→ **RECORDED INFORMATION**:
═══
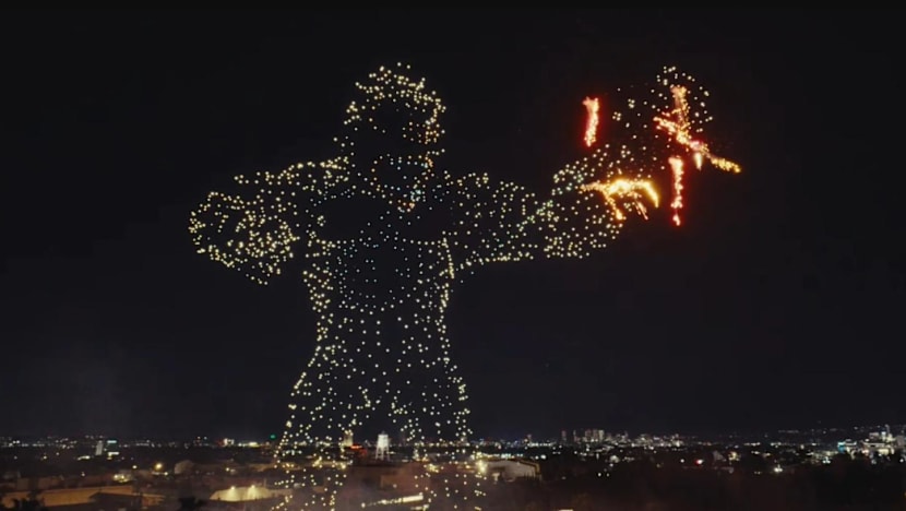 Apple TV menggelar pertunjukan berdurasi 12 menit menggunakan 3.000 drone untuk mempromosikan musim kedua serial Monarch: Legacy of Monsters. (Foto: Dok. Apple TV)
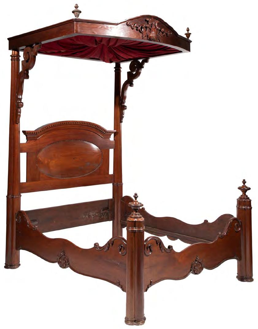 106. American Rococo Carved Mahogany Half Tester Bed, 19th c., labeled William McCracken, New Orleans, stamped 26, rebuilt arched molded tester, scrolled arms, cluster column postsarched molded paneled headboard, conforming molded rails and footboard, 110 x 62 x 77 1/2 in. (279.4 x 157.5 x 196.9 cm.)
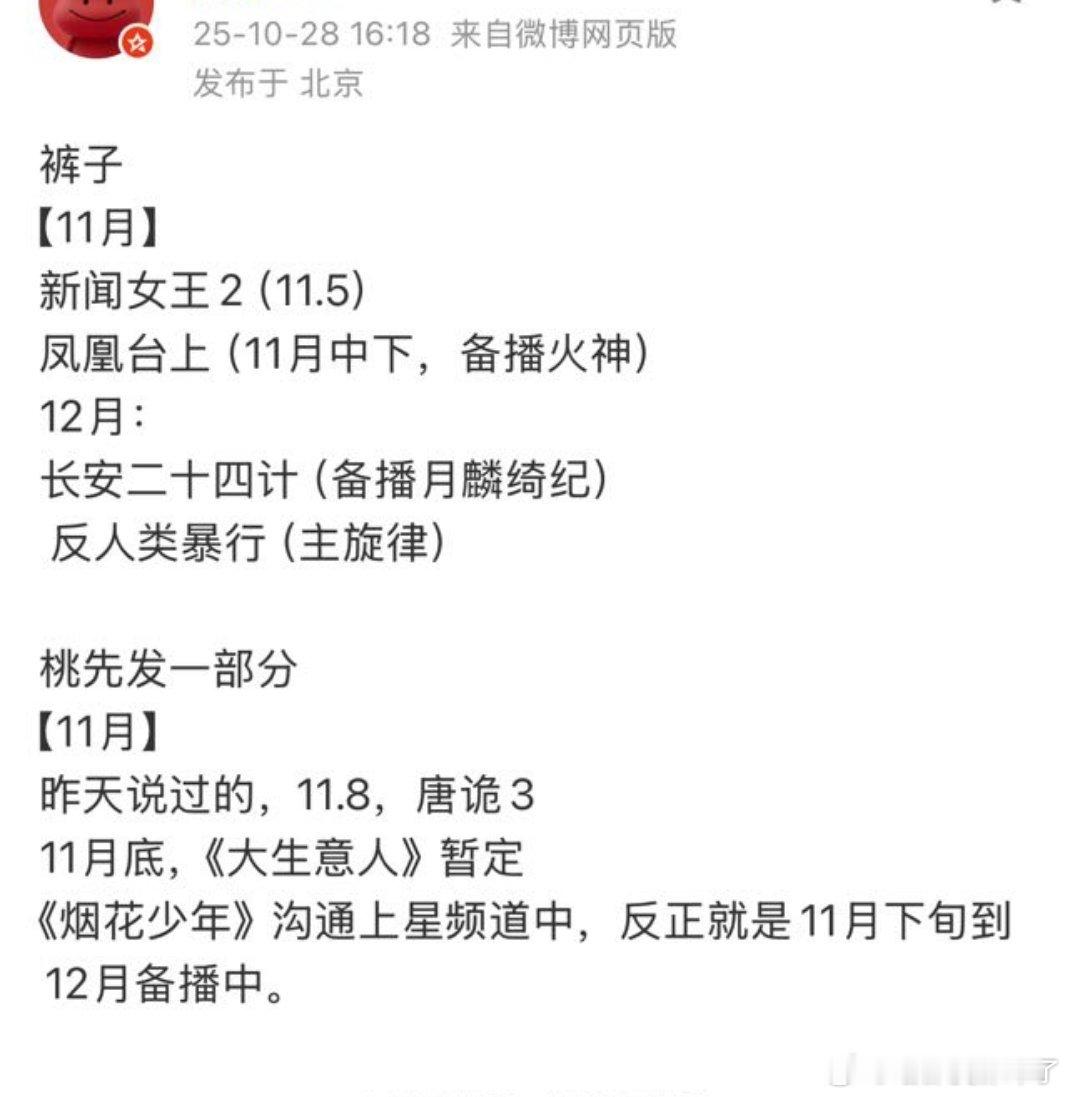 2大平台11月待播剧排播🍉
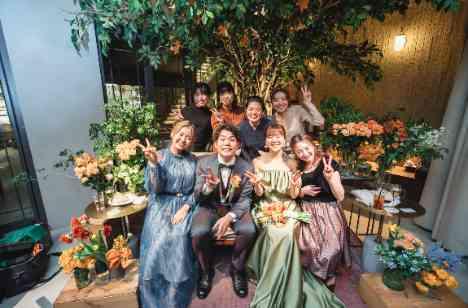 ウェディングパーティは、かしこまらず、私たちらしいにこだわった1日にしたかったおふたり。レストランに移動して、一気に熱気も高まります♪オレンジとグリーンのテーマカラーに囲まれた小物やお花のコーディネイト。おふたりのメインはゲストのみんなと写真をとれば、とっても素敵なフォトブースに。ドレスのカラーともリンクして思い描いた1日に。
═══
→ **WHAT IS EXPECTED**: Word for word, repeat the lines of data above, omitting every picture.

→ **OUTPUT OF THE EXERCISE**:
 Apple TV menggelar pertunjukan berdurasi 12 menit menggunakan 3.000 drone untuk mempromosikan musim kedua serial Monarch: Legacy of Monsters. (Foto: Dok. Apple TV)
 106. American Rococo Carved Mahogany Half Tester Bed, 19th c., labeled William McCracken, New Orleans, stamped 26, rebuilt arched molded tester, scrolled arms, cluster column postsarched molded paneled headboard, conforming molded rails and footboard, 110 x 62 x 77 1/2 in. (279.4 x 157.5 x 196.9 cm.)
 2大平台11月待播剧排播🍉
 ウェディングパーティは、かしこまらず、私たちらしいにこだわった1日にしたかったおふたり。レストランに移動して、一気に熱気も高まります♪オレンジとグリーンのテーマカラーに囲まれた小物やお花のコーディネイト。おふたりのメインはゲストのみんなと写真をとれば、とっても素敵なフォトブースに。ドレスのカラーともリンクして思い描いた1日に。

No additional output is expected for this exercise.